Goneril arrives and is bitchy; she wants Lear to downsize his 100-knight retinue: “knights and squires, / Men so disordered, so debauched and bold, / That this our court, infected with their manners, / Shows like a riotous inn” (I.iv.232-235). These men might be considered the “lewd friends” that Burghley complained about Oxford hanging out with (Ogburn and Ogburn 1130). Lear’s reaction at the loss of his retainers parallels “the bitterness of Lord Oxford when his company of actors was dissolved” (Clark 871). Lear is dismayed at this treatment: “Are you our daughter?” (I.iv.209) — a question Oxford had asked about his own oldest “daughter” (?), and at least for a time he himself answered in the negative in the later 1570s.
He decides he will visit his other daughter, Regan.

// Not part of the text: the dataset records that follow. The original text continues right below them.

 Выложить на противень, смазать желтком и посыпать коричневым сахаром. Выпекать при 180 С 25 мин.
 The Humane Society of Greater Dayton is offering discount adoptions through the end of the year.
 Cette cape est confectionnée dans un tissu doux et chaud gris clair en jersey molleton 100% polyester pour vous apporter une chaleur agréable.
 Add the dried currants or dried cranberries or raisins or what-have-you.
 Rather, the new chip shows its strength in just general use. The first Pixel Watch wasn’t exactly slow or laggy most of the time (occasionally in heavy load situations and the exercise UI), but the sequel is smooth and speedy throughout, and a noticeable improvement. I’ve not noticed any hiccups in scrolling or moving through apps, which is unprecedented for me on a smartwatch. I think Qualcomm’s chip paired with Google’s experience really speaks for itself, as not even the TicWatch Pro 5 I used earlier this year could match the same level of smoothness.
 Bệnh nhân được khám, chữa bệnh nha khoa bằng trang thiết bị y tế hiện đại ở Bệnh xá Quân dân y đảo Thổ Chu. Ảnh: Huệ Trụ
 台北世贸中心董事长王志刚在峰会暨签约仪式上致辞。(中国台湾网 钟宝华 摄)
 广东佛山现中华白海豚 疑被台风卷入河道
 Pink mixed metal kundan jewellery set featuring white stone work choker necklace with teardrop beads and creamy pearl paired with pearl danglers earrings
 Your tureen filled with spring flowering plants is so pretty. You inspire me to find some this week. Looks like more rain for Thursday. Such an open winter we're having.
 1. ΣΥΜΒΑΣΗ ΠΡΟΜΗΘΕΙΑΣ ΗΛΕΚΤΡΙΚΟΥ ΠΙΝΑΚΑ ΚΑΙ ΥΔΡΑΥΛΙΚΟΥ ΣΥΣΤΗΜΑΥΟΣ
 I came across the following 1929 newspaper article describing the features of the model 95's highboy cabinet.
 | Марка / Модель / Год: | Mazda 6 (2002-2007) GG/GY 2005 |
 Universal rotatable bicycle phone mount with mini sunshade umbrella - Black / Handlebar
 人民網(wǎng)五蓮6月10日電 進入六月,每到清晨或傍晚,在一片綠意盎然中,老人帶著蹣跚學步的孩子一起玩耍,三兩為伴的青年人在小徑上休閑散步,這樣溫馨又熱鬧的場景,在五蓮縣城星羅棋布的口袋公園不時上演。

Despite Albany’s ineffectual courtesy, Lear calls upon nature to make Goneril sterile: “Dry up in her the organs of increase” (I.iv.271). “Thus Lear’s intemperate words to Cordelia (‘Nothing will come of nothing’) are now transposed into his physical curse on Goneril — that nothing (no child) should come of her ‘no thing'” (Garber 665). If that curse doesn’t work, then may the gods give her a brat. “How sharper than a serpent’s tooth it is / To have a thankless child” (I.iv.280-281). Lear finds out that Goneril has sent off fifty of his knights and rages that Goneril has the power to wrench tears from his eyes: “Old fond eyes, / Beweep this cause again, I’ll pluck ye out” (I.iv.293-294). Lear predicts that Regan will flay Goneril’s face with her fingernails (I.iv.299-300). Albany is somewhat sympathetic, but Goneril shuts him up and has Oswald convey a letter advising Regan to keep up the shoddy treatment. She then chides Albany her husband for tending towards “milky” leniency (I.iv.337), echoing Lady Macbeth.
SCENE v
Lear sends Kent with a letter to Regan in the city of Gloucester. The Fool engages Lear’s wit, explaining enigmatically that one’s nose is in the middle of one’s face “to keep one’s eyes of either side ‘s nose, that what a man cannot smell out, he may spy into” (I.v.22-23). Further, the reason a snail has a house is “to put ‘s head in, not to give it away to his daughters” (I.v.29-30). It sounds as if Oxford planted a subtle, painful, partial pun here: again, giving away his family home, Hed–in-gham (Ogburn and Ogburn 1131, Beauclerk 330).
Out of the blue, Lear says, “I did her wrong” (I.v.24). The Fool laments, “Thou shouldst not have been old till thou hadst been wise” (I.v.41-42; cf. I.iv.231). [The line also echoes one in Lucrece: “Priam, why art thou old, and yet not wise?” (1550).] Lear prays not to go mad (I.v.43-45).